Hate Crimes Against Muslims Multiplied
Still, the Muslim community paid heavily. In the 20 years since, no demographic has been as impacted by the legal and cultural sea change in the US following 9/11 as American Muslims.
Hate crimes multiplied against Muslim Americans, spiking 500% from 2000 to 2009 and remaining troublingly high to this day. In 2015, three young Muslim American students at the University of North Carolina at Chapel Hill and NC State University were brutally murdered by a Chapel Hill neighbor . Assaults on women who wear their hair covered are not uncommon. Worshippers are harassed.
Post-9/11, Congress enacted dozens of bills that either directly or indirectly targeted Muslims, and entire government agencies such as the US Department of Homeland Security, National Security Agency, and Immigration and Customs Enforcement laser-focused on the threat of radical Islamists, ignoring the swelling ranks of violent, right-wing militias of largely white Americans. The Patriot Act, the FISA Amendments Act and other laws gave agencies unprecedented access to private citizens’ information with precious little oversight.
Advocacy Born Out of Bias
Rather than retreat into insularity, Muslims in North Carolina and across the US used the increased scrutiny to shine a light on issues of advocacy. More than 170 Muslims ran for office in the US in 2020, a historic high. On every level, from grassroots community work to the US Congress, Muslim Americans began making their voices heard and their presence known.
Muslims elected to US Congress, to date, include US Reps. Keith Ellison (D-Minnesota), André Carson (D-Indiana), Ilhan Omar (D-Minnesota), and Rashida Tlaib (D-Michigan). North Carolinians installed state Sen. Larry Shaw (D-Raleigh) andstate Sen. Mujtaba Mohammed (D-Charlotte)Nida Allam recently becamethe first Muslim woman to hold elected office in the state when voters chose her to bea Durham County Commissioner.

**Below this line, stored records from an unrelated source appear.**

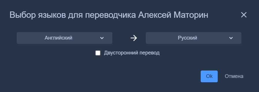 Если поставите галочку «двухсторонний перевод», переводчик будет переводить на оба выбранных языка:
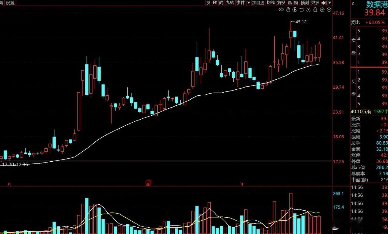 1. 数据港:净资产收益率3.63%,隶属上海静安区国资委,是老牌数据中心服务商,在核心枢纽区域布局完善,具备显著规模优势;近一年周线震荡上行,股价重心稳步抬升。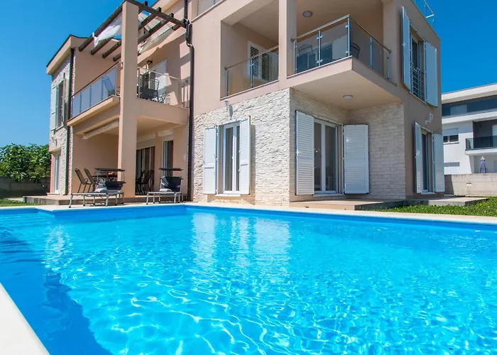 Potpuno opremljena kuhinja s električnim kuhalom, hladnjakom i pećnicom nalazi se na posjedu. Do zračne luke Zadar možete doći za 57 minuta vožnje.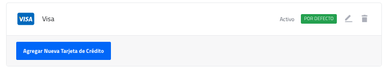 3. Dar clic en Agregar Nueva Tarjeta de Crédito en la pantalla siguiente: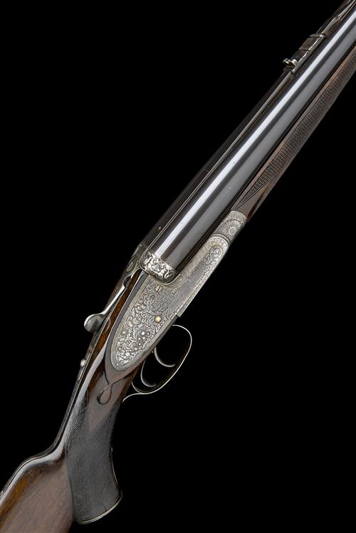 26in. nitro chopperlump barrels, matt sight rib (matt finish worn) gold-inlaid '2' at the breech end, open sights with two folding leaf sights, marked 100, 200 and 300, ramp-mounted bead fore-sight with flip-up moonsight, treble-grip action with hidden third bite, removable striker discs, elongated top strap, automatic safety with gold-inlaid 'SAFE' detail, gold-inlaid cocking-indicators, the fences deeply carved in high relief with floral designs and masks of the Green Man, the action, lockplates and furniture with bold scrolling acanthus of art nouveau style, the underside with a roundel engraved 'CHARGE 75 GRAINS CORDITE .465. CASE 3 1/4 INCHES', 14 3/8in. replacement pistolgrip stock (repair to grip) with cheekpiece, engraved steel pistolgrip-cap (with trap), sling swivels and including 3/4in. ventilated rubber recoil pad, fore-end with grip catch release lever, replacement wood with light damage, weight 10lb. 9oz.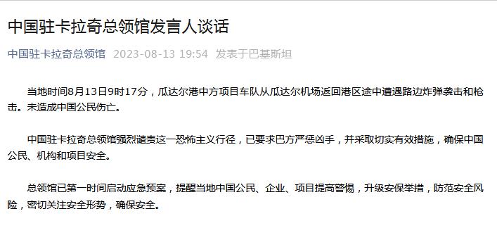 中國駐卡拉奇總領館強烈譴責這一恐怖主義行徑,已要求巴方嚴懲兇手,并采取切實有效措施,確保中國公民、機構和項目安全。

Summayah Waheed was an undergraduate student when she heard that the towers at the World Trade Center had been struck by planes. Now a policy consultant for Muslim Advocates, a nation-wide organization, Waheed studies closely the trends and policies affecting American Muslims. She attributes much of the rise in Muslim American activism to the backlash from 9/11.
“Having to see a bunch of laws go into effect that were unconstitutional or codifying religious profiling was upsetting, but it motivated us to do the work,” the Washington-based consultant told Cardinal & Pine. “Unfortunately there’s still a lot of work to be done to undo some of the encroachments on our Constitutional rights, but it’s up to us to keep fighting.”
This activism is making America a safer place for us all. Many Muslims, like Hough, have taken the battle beyond religious discrimination, demonstrating alongside their neighbors against police brutality, economic injustice and on behalf of progressive issues.
It’s important, Hough said, to show up as allies. “Oftentimes people don’t go out [and protest] unless something really hits home or it’s someone who looks like them. We have to get beyond that and focus on the justice of it.”
Waheed simply advised Muslims looking to make a difference.
“Find what you’re passionate about and follow that. Not everyone is going to want to go into politics, but there are so many ways to engage in your community and raise your voice,” she said. “At the local level, sometimes you have a bigger impact and that can trickle up.”